Supply Your Own Punch Line

WNBC in New York reports:
VERMONT -- People for the Ethical Treatment of Animals sent a letter to Ben Cohen and Jerry Greenfield, cofounders of Ben & Jerry's Homemade Inc., urging them to replace cow's milk they use in their ice cream products with human breast milk, according to a statement recently released by a PETA spokeswoman.

"PETA's request comes in the wake of news reports that a Swiss restaurant owner will begin purchasing breast milk from nursing mothers and substituting breast milk for 75 percent of the cow's milk in the food he serves," the statement says.

PETA officials say a move to human breast milk would lessen the suffering of dairy cows and their babies on factory farms and benefit human health.

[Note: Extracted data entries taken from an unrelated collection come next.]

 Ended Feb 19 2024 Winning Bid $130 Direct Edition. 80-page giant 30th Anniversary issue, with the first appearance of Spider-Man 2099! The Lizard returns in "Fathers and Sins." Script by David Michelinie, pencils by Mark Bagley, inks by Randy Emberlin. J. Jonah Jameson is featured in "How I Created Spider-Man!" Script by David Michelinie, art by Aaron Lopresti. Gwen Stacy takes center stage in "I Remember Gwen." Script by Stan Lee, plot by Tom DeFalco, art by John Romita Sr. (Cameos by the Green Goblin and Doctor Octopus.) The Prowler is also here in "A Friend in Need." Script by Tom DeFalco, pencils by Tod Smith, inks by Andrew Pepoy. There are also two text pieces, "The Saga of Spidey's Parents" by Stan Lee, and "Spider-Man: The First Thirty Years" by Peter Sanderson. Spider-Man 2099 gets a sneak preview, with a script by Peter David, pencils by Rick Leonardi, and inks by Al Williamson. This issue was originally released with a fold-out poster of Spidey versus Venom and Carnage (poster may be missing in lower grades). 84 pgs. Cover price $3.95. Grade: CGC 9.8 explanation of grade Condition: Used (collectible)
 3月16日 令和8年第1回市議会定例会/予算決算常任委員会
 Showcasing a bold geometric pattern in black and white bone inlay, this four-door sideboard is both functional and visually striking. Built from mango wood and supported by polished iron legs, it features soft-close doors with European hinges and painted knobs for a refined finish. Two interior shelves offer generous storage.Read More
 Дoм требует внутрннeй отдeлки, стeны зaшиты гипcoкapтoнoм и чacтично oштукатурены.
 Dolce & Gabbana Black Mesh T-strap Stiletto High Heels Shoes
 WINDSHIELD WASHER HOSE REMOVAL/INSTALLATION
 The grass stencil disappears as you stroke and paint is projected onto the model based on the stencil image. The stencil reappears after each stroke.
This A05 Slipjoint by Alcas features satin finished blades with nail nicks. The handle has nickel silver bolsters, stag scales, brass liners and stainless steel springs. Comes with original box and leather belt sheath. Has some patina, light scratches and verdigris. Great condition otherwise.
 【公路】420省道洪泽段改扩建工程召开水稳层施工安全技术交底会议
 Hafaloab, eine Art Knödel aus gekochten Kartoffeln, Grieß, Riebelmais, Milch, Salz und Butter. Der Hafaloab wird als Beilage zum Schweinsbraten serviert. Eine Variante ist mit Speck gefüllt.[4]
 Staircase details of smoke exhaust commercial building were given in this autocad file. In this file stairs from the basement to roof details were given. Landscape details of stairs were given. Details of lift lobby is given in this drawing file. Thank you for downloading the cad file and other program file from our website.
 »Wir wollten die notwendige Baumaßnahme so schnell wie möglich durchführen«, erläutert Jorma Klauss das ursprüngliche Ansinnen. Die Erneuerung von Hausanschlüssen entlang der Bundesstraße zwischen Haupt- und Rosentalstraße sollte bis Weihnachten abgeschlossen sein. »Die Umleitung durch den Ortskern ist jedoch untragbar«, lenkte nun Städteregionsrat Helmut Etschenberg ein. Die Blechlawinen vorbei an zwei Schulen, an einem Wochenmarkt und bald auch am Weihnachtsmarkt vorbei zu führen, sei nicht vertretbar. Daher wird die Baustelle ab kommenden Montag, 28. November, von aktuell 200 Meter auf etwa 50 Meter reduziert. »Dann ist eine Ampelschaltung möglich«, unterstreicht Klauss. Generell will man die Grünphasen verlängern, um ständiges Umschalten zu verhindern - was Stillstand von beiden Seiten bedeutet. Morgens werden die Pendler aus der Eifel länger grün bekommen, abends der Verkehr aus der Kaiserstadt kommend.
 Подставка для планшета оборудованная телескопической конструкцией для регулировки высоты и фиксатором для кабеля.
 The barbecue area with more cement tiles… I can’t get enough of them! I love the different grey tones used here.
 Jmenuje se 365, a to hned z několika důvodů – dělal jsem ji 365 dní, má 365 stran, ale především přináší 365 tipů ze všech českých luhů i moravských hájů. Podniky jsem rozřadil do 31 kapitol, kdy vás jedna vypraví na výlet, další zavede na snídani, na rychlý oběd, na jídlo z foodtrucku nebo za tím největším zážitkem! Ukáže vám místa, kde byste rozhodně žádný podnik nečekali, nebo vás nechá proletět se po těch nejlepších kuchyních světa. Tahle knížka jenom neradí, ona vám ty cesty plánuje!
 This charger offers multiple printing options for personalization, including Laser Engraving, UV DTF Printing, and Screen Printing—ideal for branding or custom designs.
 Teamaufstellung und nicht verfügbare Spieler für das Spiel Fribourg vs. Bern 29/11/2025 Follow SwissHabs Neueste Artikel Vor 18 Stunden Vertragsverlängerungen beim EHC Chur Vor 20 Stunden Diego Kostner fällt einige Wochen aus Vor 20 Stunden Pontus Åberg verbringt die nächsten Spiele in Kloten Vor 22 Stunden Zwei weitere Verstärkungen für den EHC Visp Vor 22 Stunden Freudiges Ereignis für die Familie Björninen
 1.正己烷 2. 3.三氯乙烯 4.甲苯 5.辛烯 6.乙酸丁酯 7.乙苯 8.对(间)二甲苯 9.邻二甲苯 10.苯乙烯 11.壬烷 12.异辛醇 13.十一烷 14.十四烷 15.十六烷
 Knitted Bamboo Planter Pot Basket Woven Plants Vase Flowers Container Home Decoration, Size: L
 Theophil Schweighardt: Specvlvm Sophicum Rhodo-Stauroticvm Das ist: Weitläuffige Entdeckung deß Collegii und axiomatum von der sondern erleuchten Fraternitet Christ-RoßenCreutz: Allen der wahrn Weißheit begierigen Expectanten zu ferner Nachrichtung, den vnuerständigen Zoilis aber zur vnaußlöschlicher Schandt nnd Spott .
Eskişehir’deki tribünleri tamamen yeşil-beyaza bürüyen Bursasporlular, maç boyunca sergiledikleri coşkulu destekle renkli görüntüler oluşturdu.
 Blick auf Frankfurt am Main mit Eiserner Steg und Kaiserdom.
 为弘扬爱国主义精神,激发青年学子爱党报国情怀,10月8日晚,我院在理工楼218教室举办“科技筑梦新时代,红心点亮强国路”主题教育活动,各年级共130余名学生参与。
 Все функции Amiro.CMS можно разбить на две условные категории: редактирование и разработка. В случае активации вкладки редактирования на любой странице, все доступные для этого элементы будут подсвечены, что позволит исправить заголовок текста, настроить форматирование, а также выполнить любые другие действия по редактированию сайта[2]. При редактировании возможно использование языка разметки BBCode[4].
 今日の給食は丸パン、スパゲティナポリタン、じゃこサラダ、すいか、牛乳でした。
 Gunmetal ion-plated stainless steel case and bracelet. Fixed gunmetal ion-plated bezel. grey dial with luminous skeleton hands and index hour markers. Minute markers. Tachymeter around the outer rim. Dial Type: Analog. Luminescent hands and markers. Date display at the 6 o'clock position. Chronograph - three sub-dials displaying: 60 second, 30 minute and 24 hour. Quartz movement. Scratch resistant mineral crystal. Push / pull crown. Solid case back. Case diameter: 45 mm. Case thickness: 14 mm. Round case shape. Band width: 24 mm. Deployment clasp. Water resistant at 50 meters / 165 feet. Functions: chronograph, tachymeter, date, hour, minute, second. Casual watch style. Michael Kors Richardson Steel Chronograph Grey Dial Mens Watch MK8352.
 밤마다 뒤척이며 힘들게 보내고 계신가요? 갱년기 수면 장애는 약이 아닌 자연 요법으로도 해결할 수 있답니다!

"The fact that human adults consume huge quantities of dairy products made from milk that was meant for a baby cow just doesn't make sense," says PETA Executive Vice President Tracy Reiman. "Everyone knows that 'the breast is best,' so Ben & Jerry's could do consumers and cows a big favor by making the switch to breast milk."
We wonder if adoption of such a plan would spur the creation of a more anatomically correct cherry to use atop sundaes.

[UPDATE (3:45 p.m.): Suggested new Ben & Jerry's flavors include Jenny Garcia, Peanut Butter C-cup, and the observation that Chunky Monkey could be retained.]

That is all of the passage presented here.